_Input for this task:_
*-*-*

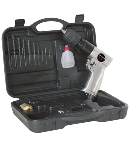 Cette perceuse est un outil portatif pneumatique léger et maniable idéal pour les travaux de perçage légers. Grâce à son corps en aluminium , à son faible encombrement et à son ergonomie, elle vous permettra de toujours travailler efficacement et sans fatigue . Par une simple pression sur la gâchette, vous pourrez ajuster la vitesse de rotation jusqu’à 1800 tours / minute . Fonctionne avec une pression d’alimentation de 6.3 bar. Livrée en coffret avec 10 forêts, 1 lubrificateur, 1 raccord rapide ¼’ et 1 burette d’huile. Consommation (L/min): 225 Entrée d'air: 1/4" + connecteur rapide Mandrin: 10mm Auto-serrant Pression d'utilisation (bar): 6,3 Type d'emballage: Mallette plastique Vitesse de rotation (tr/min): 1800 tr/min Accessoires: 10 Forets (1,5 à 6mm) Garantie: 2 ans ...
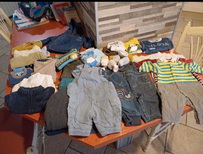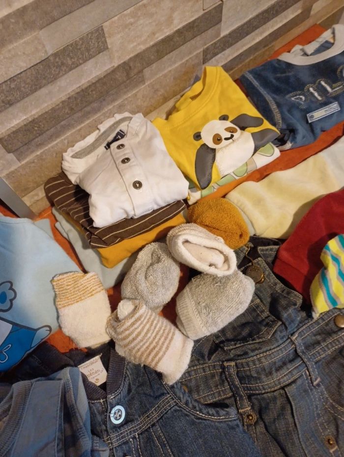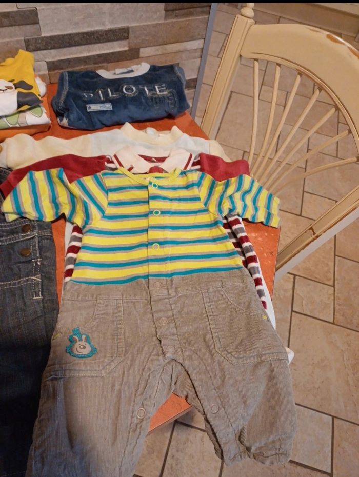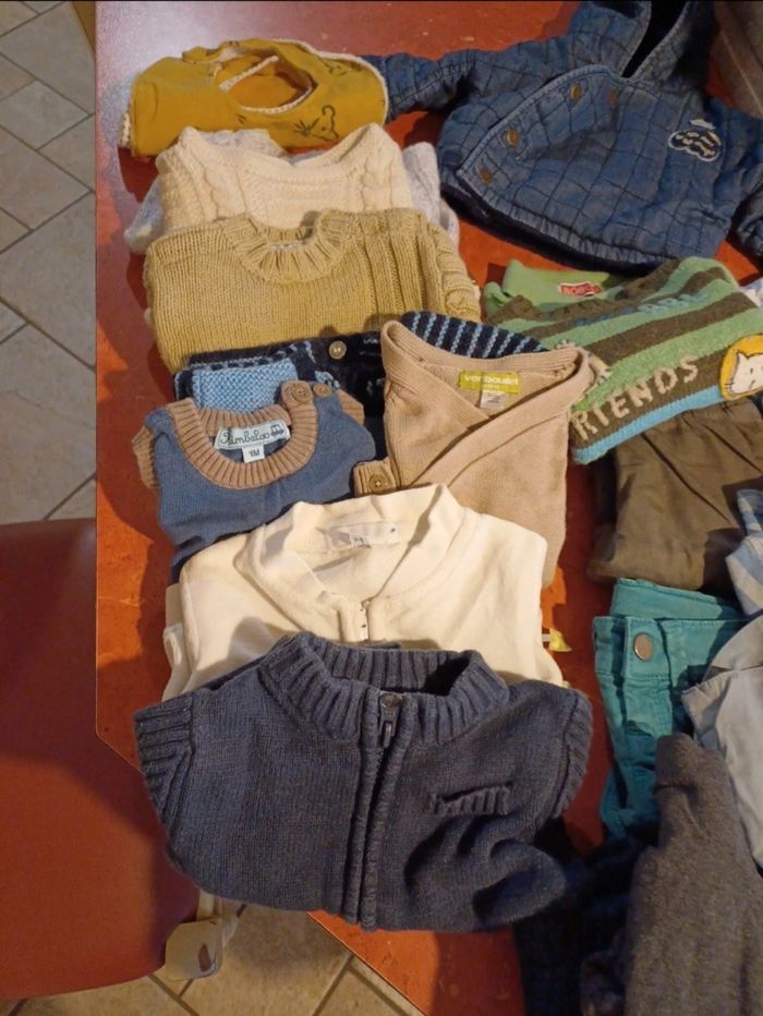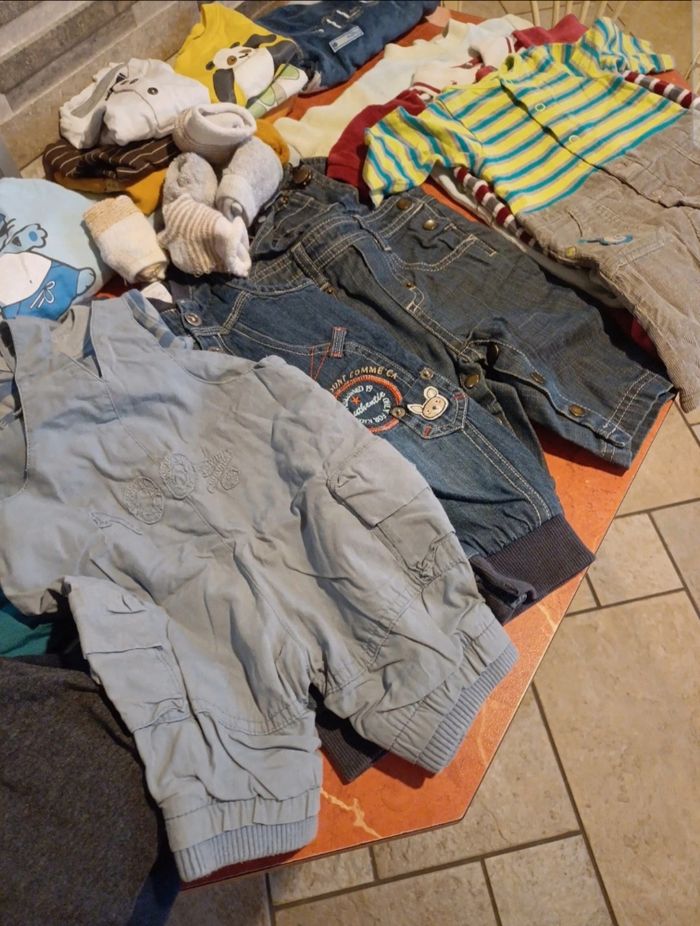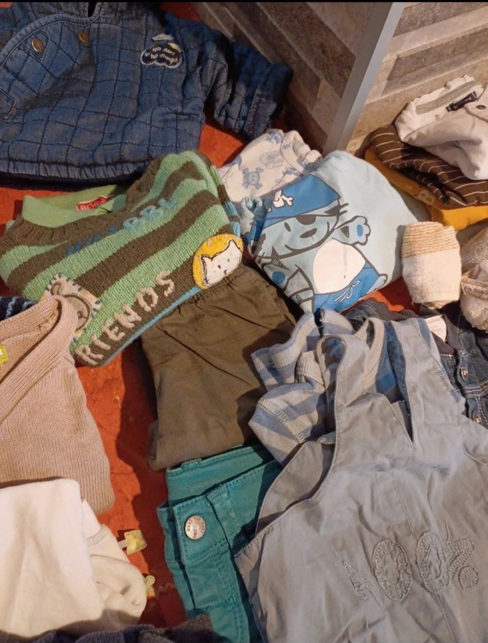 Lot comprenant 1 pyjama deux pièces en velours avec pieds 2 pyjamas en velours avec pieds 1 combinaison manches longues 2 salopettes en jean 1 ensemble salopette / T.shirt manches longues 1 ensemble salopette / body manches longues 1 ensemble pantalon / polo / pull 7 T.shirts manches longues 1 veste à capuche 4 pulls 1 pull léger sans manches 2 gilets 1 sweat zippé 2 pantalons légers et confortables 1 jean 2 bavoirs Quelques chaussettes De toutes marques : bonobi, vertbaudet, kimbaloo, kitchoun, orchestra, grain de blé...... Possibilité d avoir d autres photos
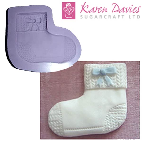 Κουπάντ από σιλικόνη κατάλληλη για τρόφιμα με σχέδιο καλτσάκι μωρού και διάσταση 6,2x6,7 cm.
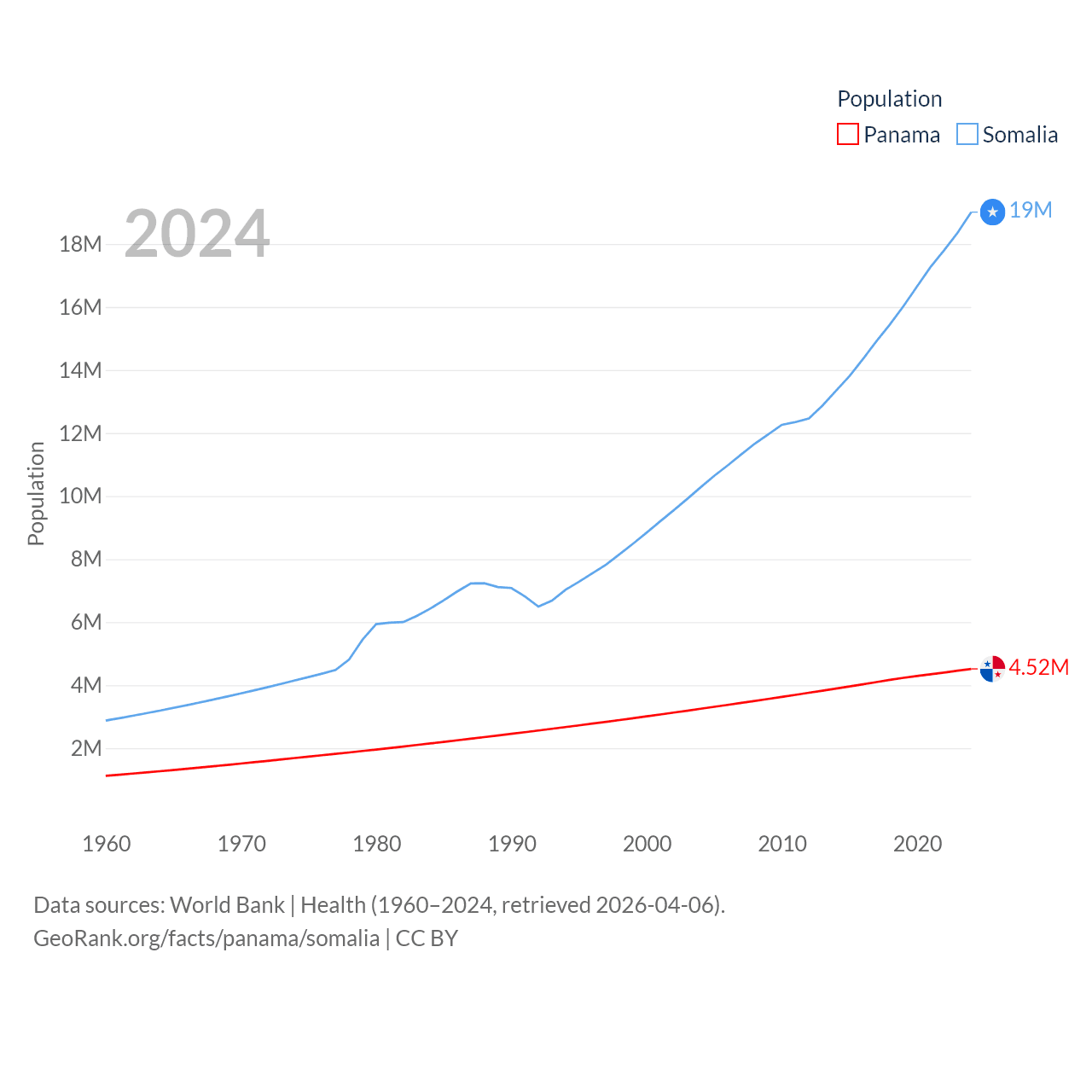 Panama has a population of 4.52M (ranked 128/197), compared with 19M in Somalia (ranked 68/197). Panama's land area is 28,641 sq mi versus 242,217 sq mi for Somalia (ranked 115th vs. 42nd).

*-*-*

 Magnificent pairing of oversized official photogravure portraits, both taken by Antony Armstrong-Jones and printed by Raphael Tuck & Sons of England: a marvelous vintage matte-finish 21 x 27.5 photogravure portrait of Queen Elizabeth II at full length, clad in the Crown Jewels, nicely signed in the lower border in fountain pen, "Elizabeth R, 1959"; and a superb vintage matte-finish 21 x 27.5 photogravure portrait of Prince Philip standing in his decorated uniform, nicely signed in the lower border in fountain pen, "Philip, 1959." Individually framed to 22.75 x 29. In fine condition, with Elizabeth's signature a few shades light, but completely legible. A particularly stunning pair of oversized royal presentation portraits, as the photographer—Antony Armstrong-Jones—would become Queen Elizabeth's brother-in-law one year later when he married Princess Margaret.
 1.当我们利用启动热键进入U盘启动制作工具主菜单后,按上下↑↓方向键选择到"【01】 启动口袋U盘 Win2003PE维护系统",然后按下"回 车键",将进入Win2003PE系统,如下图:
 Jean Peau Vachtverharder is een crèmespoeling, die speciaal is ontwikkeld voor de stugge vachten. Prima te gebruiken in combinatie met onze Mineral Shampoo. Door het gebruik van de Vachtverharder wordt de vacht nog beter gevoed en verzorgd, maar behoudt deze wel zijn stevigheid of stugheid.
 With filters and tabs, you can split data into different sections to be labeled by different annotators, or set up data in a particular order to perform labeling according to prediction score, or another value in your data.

*-*-*

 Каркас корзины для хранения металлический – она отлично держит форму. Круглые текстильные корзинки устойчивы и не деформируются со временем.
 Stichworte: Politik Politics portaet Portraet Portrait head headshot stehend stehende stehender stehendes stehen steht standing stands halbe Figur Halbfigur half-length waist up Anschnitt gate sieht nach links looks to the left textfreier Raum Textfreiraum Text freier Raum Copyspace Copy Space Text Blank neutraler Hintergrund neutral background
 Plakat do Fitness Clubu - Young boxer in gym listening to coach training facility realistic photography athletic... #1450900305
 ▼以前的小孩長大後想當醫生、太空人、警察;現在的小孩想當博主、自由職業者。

*-*-*

Every line from the one with "Cette perceuse est" through the one with "Panama has a" is to be reproduced exactly as written above, and the pictures are to be dropped.

 Cette perceuse est un outil portatif pneumatique léger et maniable idéal pour les travaux de perçage légers. Grâce à son corps en aluminium , à son faible encombrement et à son ergonomie, elle vous permettra de toujours travailler efficacement et sans fatigue . Par une simple pression sur la gâchette, vous pourrez ajuster la vitesse de rotation jusqu’à 1800 tours / minute . Fonctionne avec une pression d’alimentation de 6.3 bar. Livrée en coffret avec 10 forêts, 1 lubrificateur, 1 raccord rapide ¼’ et 1 burette d’huile. Consommation (L/min): 225 Entrée d'air: 1/4" + connecteur rapide Mandrin: 10mm Auto-serrant Pression d'utilisation (bar): 6,3 Type d'emballage: Mallette plastique Vitesse de rotation (tr/min): 1800 tr/min Accessoires: 10 Forets (1,5 à 6mm) Garantie: 2 ans ...
 Lot comprenant 1 pyjama deux pièces en velours avec pieds 2 pyjamas en velours avec pieds 1 combinaison manches longues 2 salopettes en jean 1 ensemble salopette / T.shirt manches longues 1 ensemble salopette / body manches longues 1 ensemble pantalon / polo / pull 7 T.shirts manches longues 1 veste à capuche 4 pulls 1 pull léger sans manches 2 gilets 1 sweat zippé 2 pantalons légers et confortables 1 jean 2 bavoirs Quelques chaussettes De toutes marques : bonobi, vertbaudet, kimbaloo, kitchoun, orchestra, grain de blé...... Possibilité d avoir d autres photos
 Κουπάντ από σιλικόνη κατάλληλη για τρόφιμα με σχέδιο καλτσάκι μωρού και διάσταση 6,2x6,7 cm.
 Panama has a population of 4.52M (ranked 128/197), compared with 19M in Somalia (ranked 68/197). Panama's land area is 28,641 sq mi versus 242,217 sq mi for Somalia (ranked 115th vs. 42nd).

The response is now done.